As the map only contains information that is valid during the whole dataset, its frame of discernment does not include time-dependent classes such as dynamic objects and free space. It is a 2D spatial discrete structure, in which each cell contains a mass function defined on the following frame of discernment:

\[ \Theta_{\mathcal{M}} = \left\{ P, I, S\right\} \tag{3}\]

Indeed, information about passable areas, immovable occupancy and static objects is time independent during a whole sequence, contrary to dynamic objects and free space that should not appear in the background map.

Compared to the frame of discernment used by previous approaches (Steyer, Tanzmeister, and Wollherr 2018; Tanzmeister and Wollherr 2017), ours allows a finer representation thanks to the distinction between immobile and mobile features. This distinction allows us to integrate class information from segmentation algorithms, as explained in the next section.

4 Background Map Construction

Figure 2: Schematic presentation of the method. Sensor data is turned into *Measurement Grids*. These grids are then fused into a *Background Map*. Finally, *Measurement Grids* are filtered through time and fused with the *Background Map* to generate *Filtered Grids* at each time step.

4.1 Collaborative Background Map Generation

The method to construct the background map takes different sources providing information about obstacles or free space in a common East-North-Up frame. GNSS and LiDAR sensors are used in this work, but other sensors could be adapted such as cameras or RADARs. The background map is generated in several steps, as illustrated in Figure 2.

4.1.1 Observation Grid Generation

As illustrated in Figure 2, observations are grids constructed from all sources separately at different instants by projecting sensor data in 2D. Depending on the sensor, different evidences can be derived such as free space \(F\), occupancy \(O\) or dynamic objects \(D\).

4.1.2 Map Size Deduction

In addition to being stored for further processing, observations are first used to determine the size of the background map as being wide enough to fuse all the observations.

4.1.3 Data accumulation

The map is then constructed in a second pass by accumulating the previously stored observations, as shown in Figure 2. Successive observations are accumulated on a per-cell basis. Each cell \(c\) stores the values of its consecutive observations \(m_c^t\) through time \(t\) in an observation buffer \(\mathbf{m}_c = \left\{\dots, m_c^t, \dots\right\}\). The longest string of mostly free, mostly immovable and mostly static beliefs in \(\mathbf{m}_c\) are then computed as \(w_f\), \(w_i\) and \(w_s\), respectively, to determine the overall state of cell \(c\).

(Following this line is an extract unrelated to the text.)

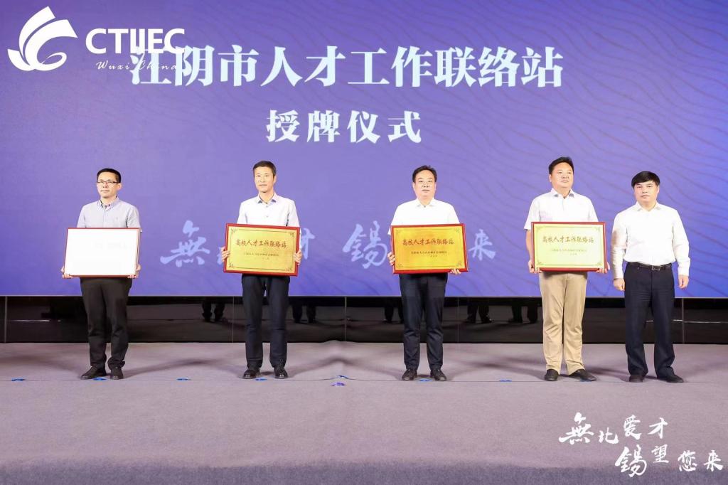 6月15日,江阴市科技和人才工作领导小组来我校交流。座谈会上,招生就业处负责人介绍了学校毕业生基本情况与就业工作举措,表明我校在现有基础上进一步推动校地合作的愿望。双方共同探讨了强化战略合作的必要性,并对高校毕业生如何深耕专业技能,培养终身学习的意识与能力等课题达成共识。在授牌仪式上江阴市科技和人才工作领导小组授予我校“江阴高校人才工作联络站”并设置“无锡太湖人才奖学金”。为未来双方强化校地人才合作奠定基础。
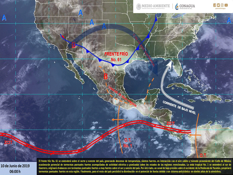 Por otro lado, la onda tropical número 1 se extenderá al sur de Guerrero, originará chubascos con tormentas puntuales fuertes a muy fuertes sobre el sur y sureste del país.

For this, two thresholds \(t_f\) and \(t_o\) are defined as the minimal number of consecutive free and occupancy observations required to consider that a cell is free or occupied in a noise resilient manner: \[ s_c = \begin{cases} P & \text{if } |w_f| \geq t_f;\\ I & \text{else if } |w_i + w_s| \geq t_o \text{ and } |w_i| \geq |w_s|;\\ S & \text{else if } |w_i + w_s| \geq t_o \text{ and } |w_s| > |w_i|;\\ \Theta & \text{otherwise} \end{cases} \tag{4}\]

The thresholds are a trade-off between the completeness of the map and its coherence. Augmenting them will result in more unknown areas, while decreasing them could lead to unwanted passable or occupied evidence. To tune the thresholds, we ensure that the static and immovable obstacles are well mapped, and that there is no ghost (cells classified as static object because an object passed on them for too long) in the map. Figure 5 shows the effect of tuning the thresholds in our experiments. We keep them as low as possible while being consistent to avoid the creation of unknown zones in the map.

4.2 Segmentation of LiDAR Point Clouds

In the current implementation of the method, we use point clouds from rotating LiDARs on-board vehicles or installed on fixed supports at the roadside. This section describes the processing applied to point clouds to extract information used in the generation of the map.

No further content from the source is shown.